To clarify her point, Kirkpatrick referenced a recent incident at Parish. A man came staggering into the cafe recently, looking confused and unable to speak. Rather than helping, customers turned away or pretended they didn’t see him. When the man fell to the floor, Kirkpatrick recognized he was having a seizure and called 911. EMTs arrived and took him to the hospital. The next day, the man returned to thank Kirkpatrick. Unfortunately, she observed, the attitude displayed is all too common in the historic Boston neighborhood.
Gentrification is breaking down the once close community and building walls between demographics, just as much as luxury condos.
From Activism to Ambivalence
Today’s South End residents are not taking the same impassioned approach to resisting the effects of urban renewal and “super gentrification.”
Alison Barnet, South End resident and author of “South End Character: Speaking out on Neighborhood Change,” called it simply “a different time.” Communities have changed the way they respond to unpopular developments, she said. They have shifted away from traditional activism like marches and sit-ins and toward social media and internet presence.

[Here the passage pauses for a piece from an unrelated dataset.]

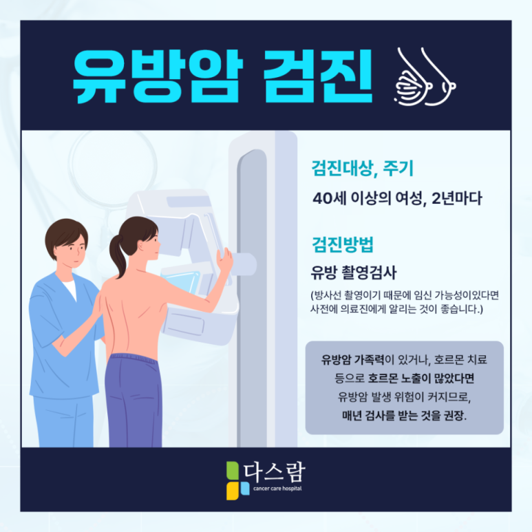 40세 이상 여성이라면 2년 주기로 유방촬영술을 국가암검진을 통해 진행을 하고 있는데요. 해당 연령이 아닌 경우라도 30세에서 35세는 매달 자가검진을, 35세라면 2년 주기로 전문의의 진찰을 진행하는 것이 좋다고 해요.

“Activism had more effect in the 60’s” said Barnet, who has lived in the neighborhood for 54 years. Now, calling for the preservation of a historic building means creating a Facebook page rather than a paper petition, with ‘likes’ instead of signatures.
Aside from standing up for Parcel 19, Doug Hall participated in other South End demonstrations, including the Tent City protests for affordable housing in April 1968. He admitted ruefully that he arrived to the protests too late to get arrested, a badge of honor for any serious demonstrator. The Tent City Protest was a South End-wide event, the largest demonstration taking place that year.
Barnet calls modern-day disengagement a lack of “courage.” Whether or not that is the case, events like the 1968 Tent City Protest are far more rare.
The high cost of living continues to rise as a different class of residents are drawn in, causing the old community to be pushed out. Many have moved out of the city to places with more affordable housing. Slowly but surely, tight-knit communities are breaking down and being replaced by wealthier tenants looking for second homes.
“[Gentrification] is really a money thing. All the real estate companies are making big bucks… With all this new and expensive housing,” Hall asked, “where are all the ordinary people going to go?”
Arnesse Brown, director of corporate relations at the Tenants’ Development Corporation (TDC) is trying to answer that question. The TDC was established in 1968 and aims to help low-income families find safe and affordable housing while remaining in the South End.
“We have generations of families who have lived in the South End,” said Brown, who credits the TDC as a reason why they are able to stay.
Remaining in the area is more than a matter of sentimentalism. The area is “resource rich,” according to Brown, full of organizations like TDC that provide services to low-income families that they will not find in other neighborhoods.
The challenge for Boston’s South End today is preserving its cultural presence while building a sustainable future. It remains to be seen whether or not today’s residents are up to the task.
The 108-128 block of Dartmouth Street, where the other side of Tent City is today.